If your job brings you into contact with strong electrical fields, such as arc welding, diathermy or working with high-power radio or TV transmitters, or you have direct contact with car ignition systems, check with your cardiologist or pacemaker technician before returning to work.
Avoid wearing magnetic bracelets and magnets near your chest.
Most pacemaker batteries last for 6 to 10 years. After this, you may need to have the batteries changed.
Ask your doctor how you'll know when the battery needs to be replaced or recharged.
Changing the batteries involves replacing the pacemaker box with a new unit.
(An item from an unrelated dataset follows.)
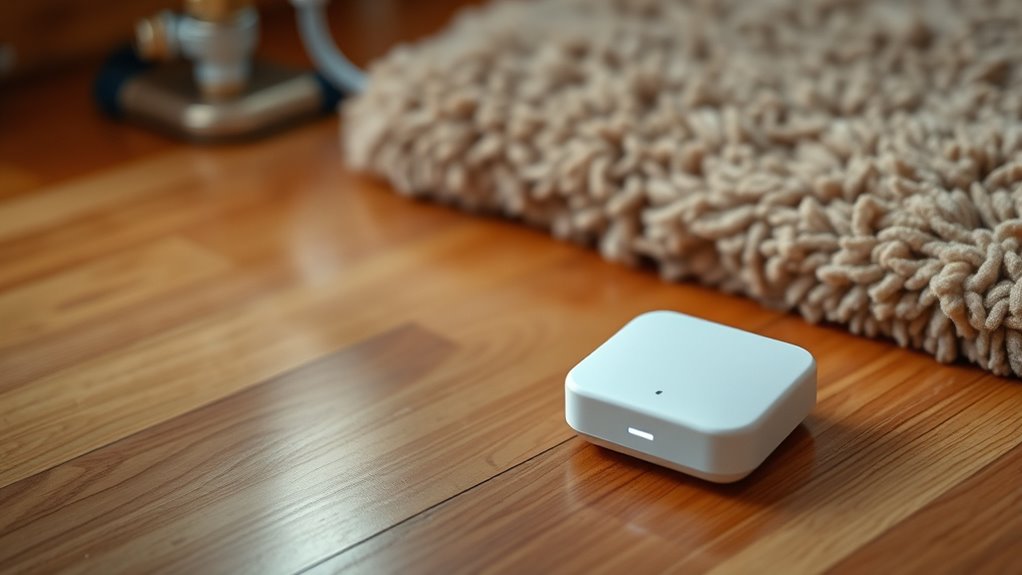 Selecting a leak sensor that’s easy to place isn’t just about size—it’s about design and versatility. I look for models that are compact and lightweight, making it simple to fit into tight or hard-to-reach spots. Sensors with minimal installation tools—like adhesive backing or just placing them on flat surfaces—save time and effort. Flexible options, such as surface mounting or free-standing setups, give me more placement choices depending on the area. Clearly labeled sensors help me quickly identify and relocate them if needed. I also prefer devices with straightforward setup procedures, like plug-and-play or app-guided installation, so I can get them working fast without hassle. Ease of placement ensures I can protect every critical spot efficiently.

This is a simple procedure that may or may not require an overnight stay in hospital.
The original lead or leads can usually be left in place, although occasionally they'll also need to be replaced.
You'll need follow-up appointments for the rest of your life after having a pacemaker fitted.
These may be every 3 to 12 months, depending on the type of pacemaker you have and how well it works.
At your follow-up appointment, the technician or doctor will analyse the discharge rate of your pacemaker, measure the strength of the electrical impulse, and record the effects of the impulse on your heart.
Most modern pacemakers can store information about the state of the battery and the performance of the pulse generator.
Your pacemaker can then be reprogrammed to the best settings for you, if necessary.
There's no reason you can't continue to have a good sex life after having a pacemaker implanted and you're feeling better.
But you should avoid positions that place pressure on the arms and chest for the first 4 weeks of your recovery.
The risk of sex triggering a heart attack is low (around 1 in 1 million).
You should also tell your family and close friends that you have a pacemaker fitted. Tell them what to do if you lose consciousness or collapse.
Most people who have a pacemaker fitted feel it has a tremendously positive impact on their life.
Having a pacemaker can help you be more active. It may also help you stay out of hospital and live longer.
Above all, you should feel better. Previous symptoms, such as breathlessness or dizziness, should disappear.